*Data records*:
----------------

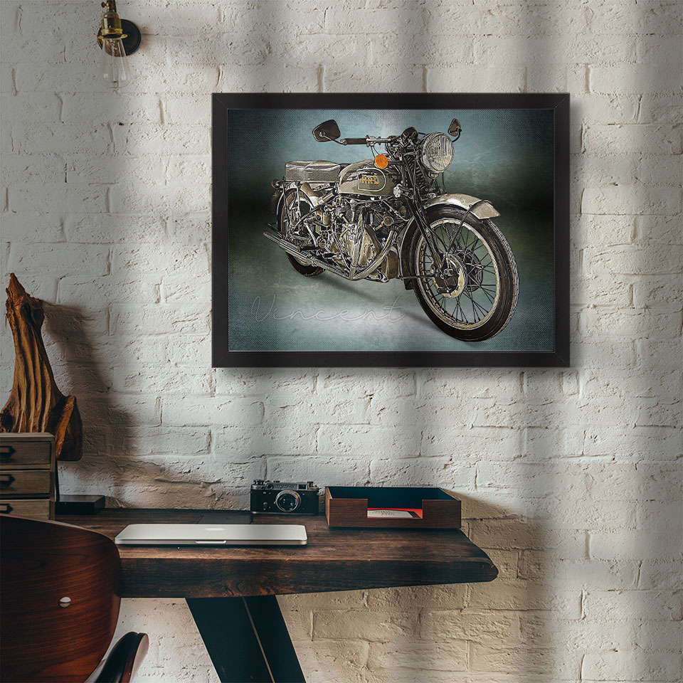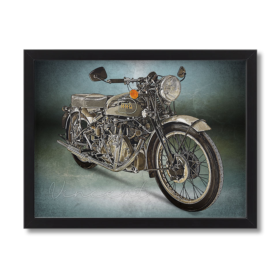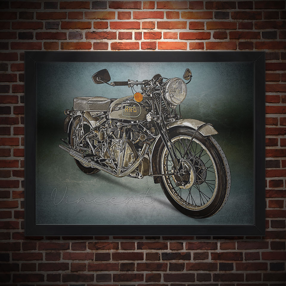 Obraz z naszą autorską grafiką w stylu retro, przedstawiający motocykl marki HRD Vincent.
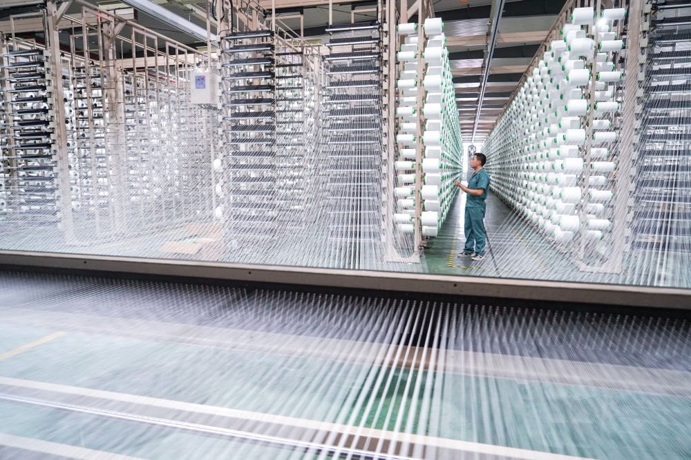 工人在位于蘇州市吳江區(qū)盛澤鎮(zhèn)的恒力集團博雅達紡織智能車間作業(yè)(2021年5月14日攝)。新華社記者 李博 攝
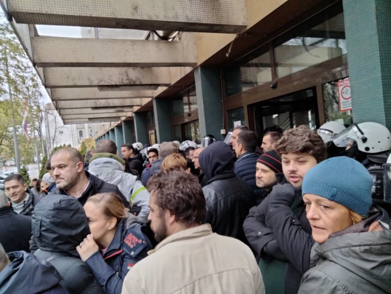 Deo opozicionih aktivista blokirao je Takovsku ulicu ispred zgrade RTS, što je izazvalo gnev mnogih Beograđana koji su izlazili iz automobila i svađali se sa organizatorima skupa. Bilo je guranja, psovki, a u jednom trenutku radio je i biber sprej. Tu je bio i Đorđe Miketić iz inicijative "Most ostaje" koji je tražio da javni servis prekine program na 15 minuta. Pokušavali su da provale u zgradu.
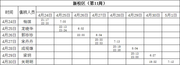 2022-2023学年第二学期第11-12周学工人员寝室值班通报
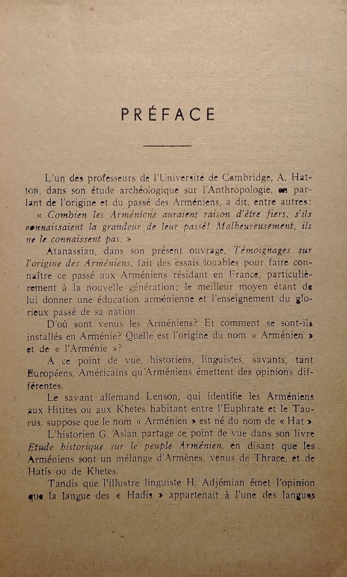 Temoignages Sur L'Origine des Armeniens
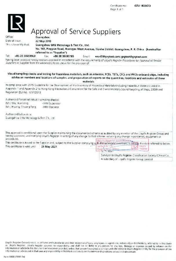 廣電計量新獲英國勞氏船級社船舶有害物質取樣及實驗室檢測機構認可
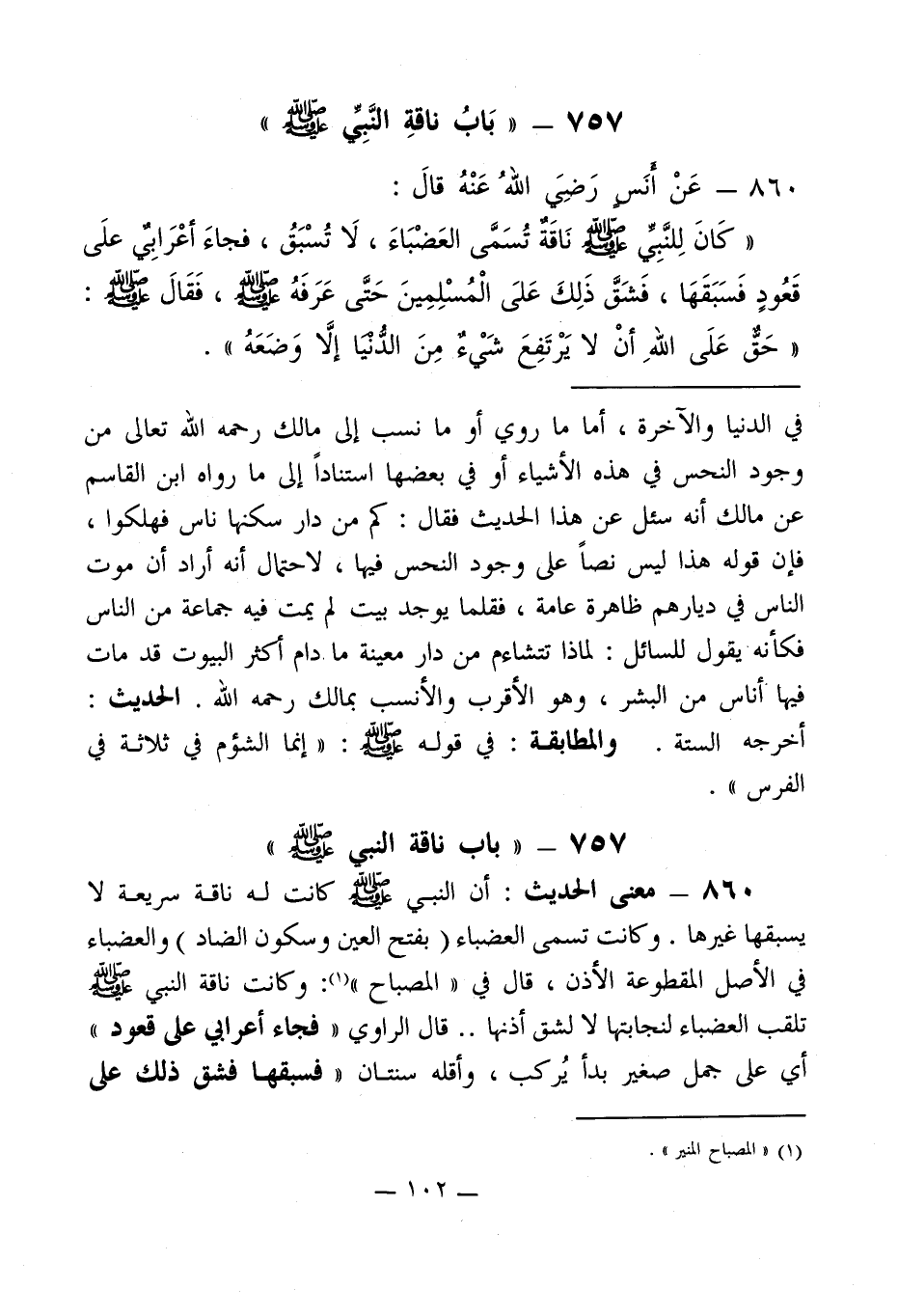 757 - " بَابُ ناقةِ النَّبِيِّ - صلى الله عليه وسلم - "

----------------

*Problem*: An exact copy of the entries, without any pictures, is what the answer should be.

*Finished exercise*:
 Obraz z naszą autorską grafiką w stylu retro, przedstawiający motocykl marki HRD Vincent.
 工人在位于蘇州市吳江區(qū)盛澤鎮(zhèn)的恒力集團博雅達紡織智能車間作業(yè)(2021年5月14日攝)。新華社記者 李博 攝
 Deo opozicionih aktivista blokirao je Takovsku ulicu ispred zgrade RTS, što je izazvalo gnev mnogih Beograđana koji su izlazili iz automobila i svađali se sa organizatorima skupa. Bilo je guranja, psovki, a u jednom trenutku radio je i biber sprej. Tu je bio i Đorđe Miketić iz inicijative "Most ostaje" koji je tražio da javni servis prekine program na 15 minuta. Pokušavali su da provale u zgradu.
 2022-2023学年第二学期第11-12周学工人员寝室值班通报
 Temoignages Sur L'Origine des Armeniens
 廣電計量新獲英國勞氏船級社船舶有害物質取樣及實驗室檢測機構認可
 757 - " بَابُ ناقةِ النَّبِيِّ - صلى الله عليه وسلم - "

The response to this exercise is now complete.